California Dreamin’
Liz Craft · Chris Finley · Pentti Monkkanen
This exhibition features paintings and sculptures by three emerging Los Angeles artists.
Los Angeles-based writer, curator and critic Michael Darling wrote the essay in the accompanying gallery guide.
The three artists in this exhibition are among many from the West Coast School who are garnering critical and commercial support for their work. In the face of globalization and its concomitant homogenization, authentic, regional idiosyncrasies have become recognized. One of the defining characteristics of Los Angeles art in particular is its insistent playfulness and reliance on humor to jumpstart aesthetic discourse.

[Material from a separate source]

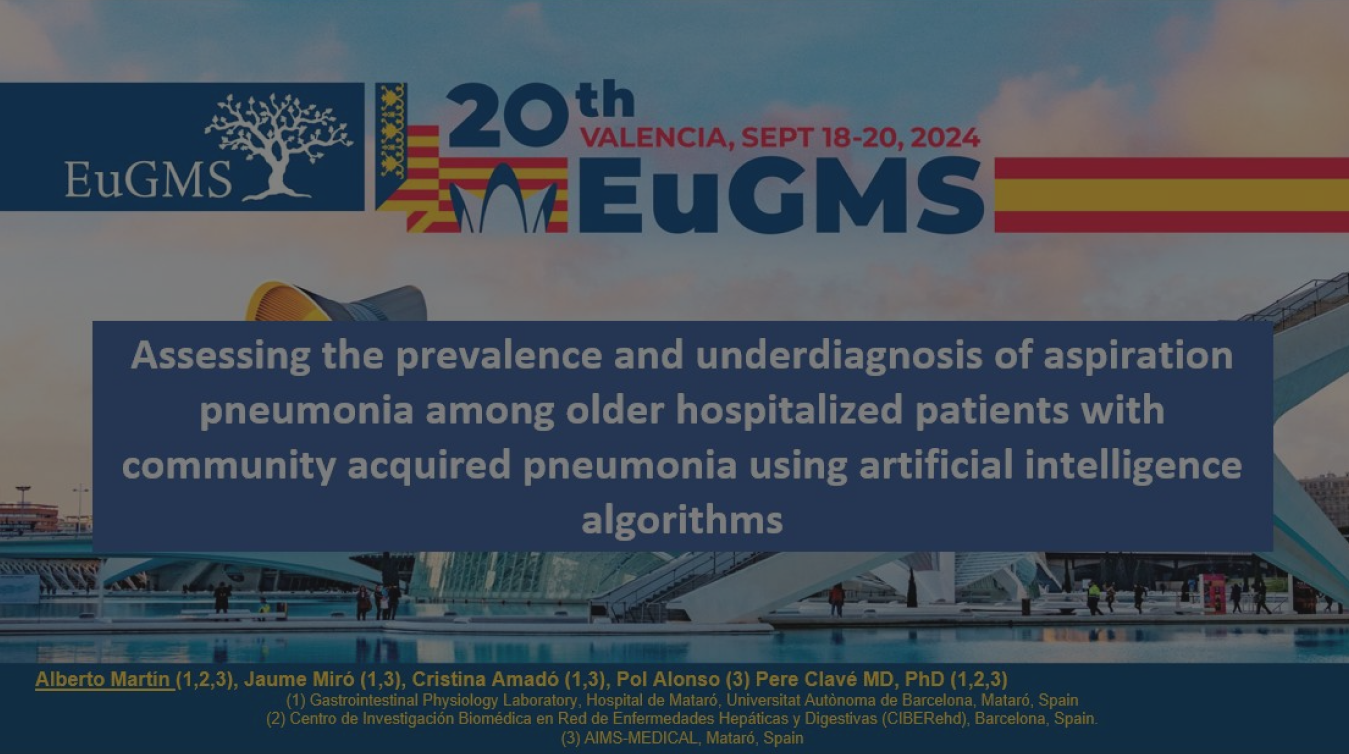 AIMS MEDICAL participated in the 2024 Congress of the European Society of Geriatric Medicine (EUGMS), held in Valencia, where we were awarded the Best Spanish Oral Communication. During this key event, our co-founder, Alberto Martín, presented the innovative study entitled “Assessing the prevalence and underdiagnosis of aspiration pneumonia among older hospitalized patients with community acquired pneumonia using artificial intelligence algorithms.”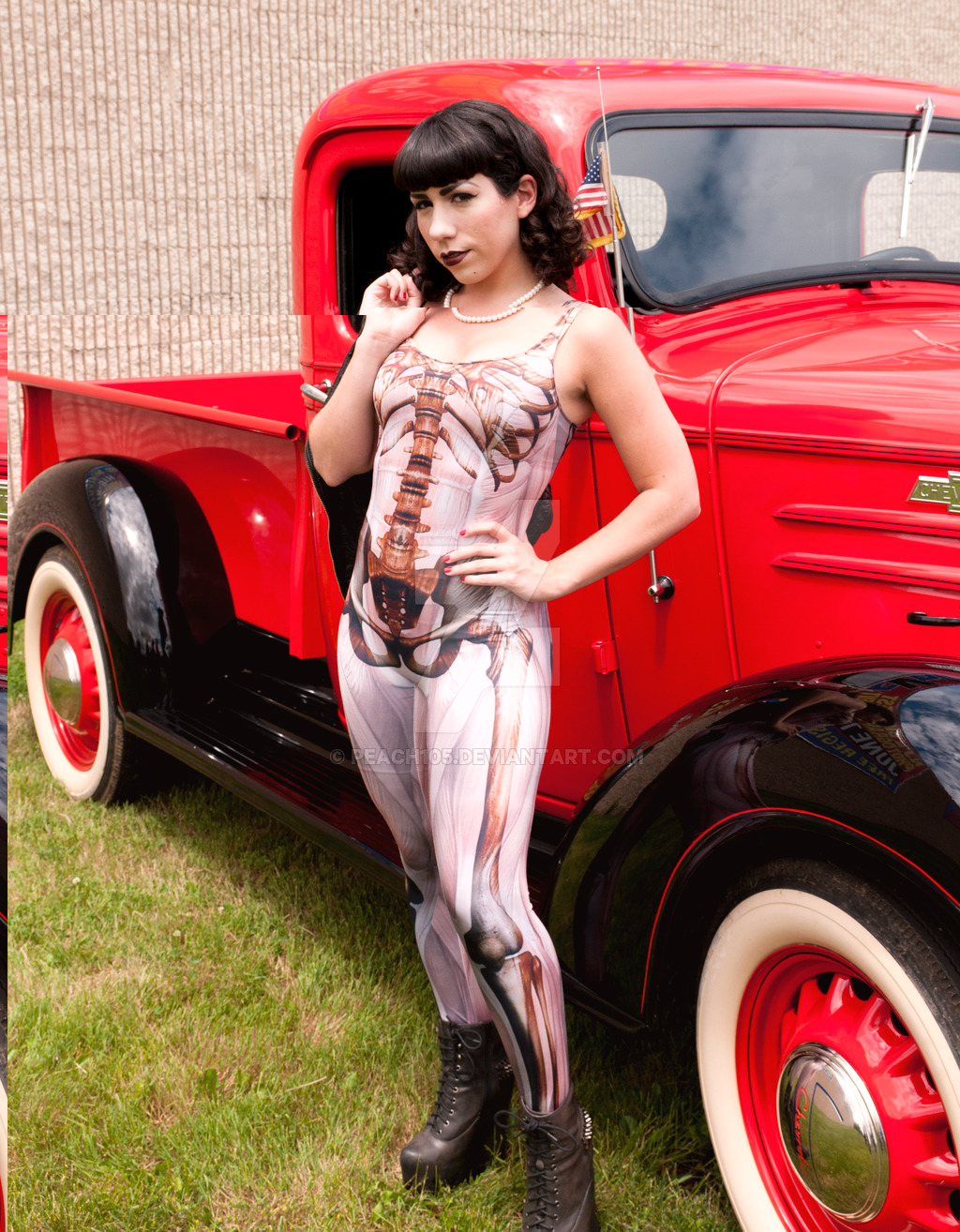 Great Pose of her in a black one piece suit.

Each of these three artists reach back to the more innocent time of childhood and adolescence, when play was an integral, if unrecognizable, mode of development and acculturation, to find models of perceptual and even moral learning. The lighthearted veneer of their works effectively disarms viewers, making them more receptive to the respective message without lessening its import. Such serious fun is a hallmark of a great deal of the art that has come from Southern California over the past forty years, and more than lives up to its increasingly desirable label: “Made in LA.”
In the work of Liz Craft, simultaneity is a crucial component in her sculptural objects - the viewer is put in a position of trying to find narrative closure in works that are constantly beginning and ending at the same time. Her concerns are environmental - how everything inhabits space, whether the interior space of a radiant mind or an apartment, or the exterior space of a garden. Craft, born in Los Angeles, holds an MFA from UCLA.
Chris Finley, who currently resides in Petaluma, California, received a BFA from Art Center College of Design in Pasadena. Finley has been exploring the expansive visual parameters of electronic cyberspace, chronicling the new territory almost simultaneously as it opens up. A computer metaphor, whereby files are clicked open to reveal further files within, which in turn contain still more information, guides his thinking, and bodies of work evolve like software updates.
A transplant from Minnesota, Pentti Monkkonen, with a BA from UCLA, lives and works in Los Angeles. Monkkonen has fashioned motorized sculptures that, while initially appearing whimsical, soon impart narratives regarding time and perception. And his See Saw preys on our hard-wired recognition of and longing for good clean fun, while suggesting that split second between active and archived vision.